Even in that time Springvale would not have tolerated the Indian among us had it not been that the minds of the people were fermenting with other things. We were on the notorious old border between free and slave lands, whose tragedies rival the tales of the Scottish border. Kansas had been a storm centre since the day it became a Territory, and the overwhelming theme was negro slavery. Every man was marked as "pro" or "anti." There was no neutral ground. Springvale was by majority a Free-State town. A certain element with us, however, backed up by the Fingal's Creek settlement, declared openly and vindictively for slavery. It was from this class that we had most to fear. While the best of our people were giving their life-blood to save a nation, these men connived with border raiders who would not hesitate to take the life and property of every Free-State citizen. When our soldiers marched away to fields of battle, they knew they were leaving an enemy behind them, and no man's home was safe. Small public heed was paid then to the outbreak of a drunken Indian boy who had been overcome in a scrap out on the prairie when the youngsters were hunting their cows.

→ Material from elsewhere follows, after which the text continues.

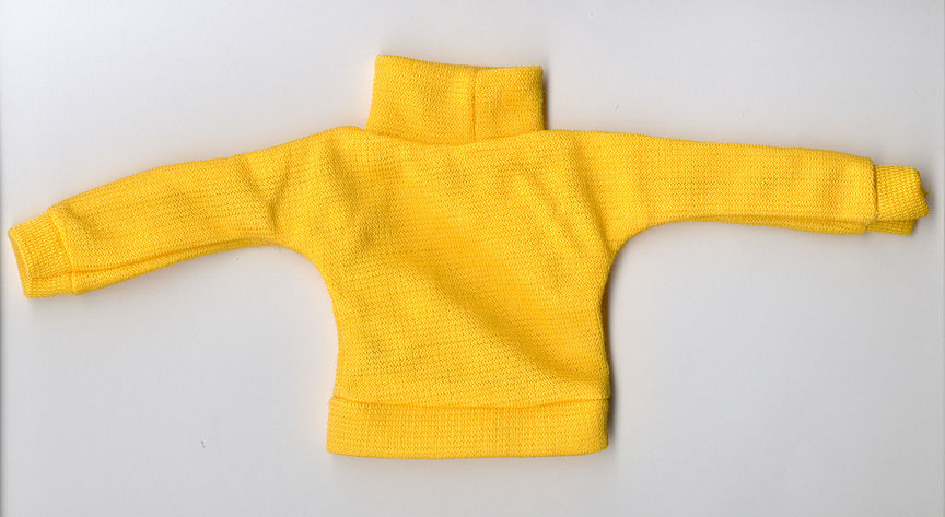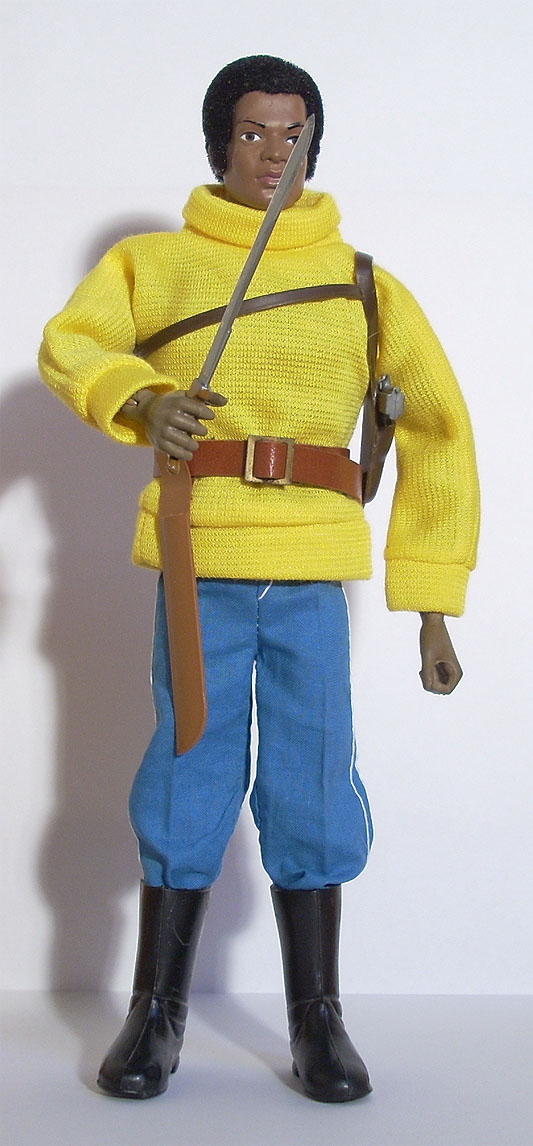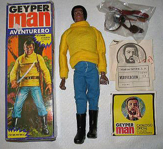 Muñeco Geyperman negro, suéter amarillo, pantalón, botas altas, cinturón, funda sobaquera, pistola Colt 45, machete y funda machete.

Where the bushes grow over the edge of the bluff at the steep bend in Cliff Street, a point of rock projects beyond the rough side. By a rude sort of stone steps beside this point we could clamber down many feet to the bush-grown ledge below. This point had been a meeting-place and playground for Marjie and myself all those years. We named it "Rockport" after the old Massachusetts town. Marjie could hear my call from the bushes and come up to the half-way place between our two homes. The stratum of rock below this point was full of cunning little crevices and deep hiding-places. One of these, known only to Marjie and myself, we called our post-office, and many a little note, scrawled in childish hand, but always directed to "Rockport" like a real address on the outside fold, we left for each other to find. Sometimes it was a message, sometimes it was only a joke, and sometimes it was just a line of childish love-making. We always put our valentines in this private house of Uncle Sam's postal service. Maybe that was why the other boys and girls did not couple our names together oftener. Everybody knew who got valentines at the real post-office and where they came from.

On the evening after the storm there was no loitering on the prairie. While we knew there was no danger, a half-dozen boys brought the cows home long before the daylight failed. At sunset I went down to "Rockport," intending to whistle to Marjie. How many a summer evening together here we had watched the sunset on the prairie! To-night, for no reason that I could give, I parted the bushes and climbed down to the ledge below, intending in a moment to come up again. I paused to listen to the lowing of some cows down the river. All the sweet sounds and odors of evening were in the air, and the rain-washed woodland of the Neosho Valley was in its richest green. I did not notice that the bushes hid me until, as I turned, I caught a glimpse of a red blanket, with a circular white centre, sliding up that stairway. An instant later, a call, my signal whistle, sounded from the rock above. I stood on the ledge under the point, my heart the noisiest thing in all that summer landscape full of soft twilight utterances. I was too far below the cliff's edge to catch any answering call, but I determined to fling that blanket and its wearer off the height if any harm should even threaten. Presently I heard a light footstep, and Marjie parted the bushes above me. Before she could cry out, Jean spoke to her. His voice was clear and sweet as I had never heard it before, and I do not wonder it reassured her.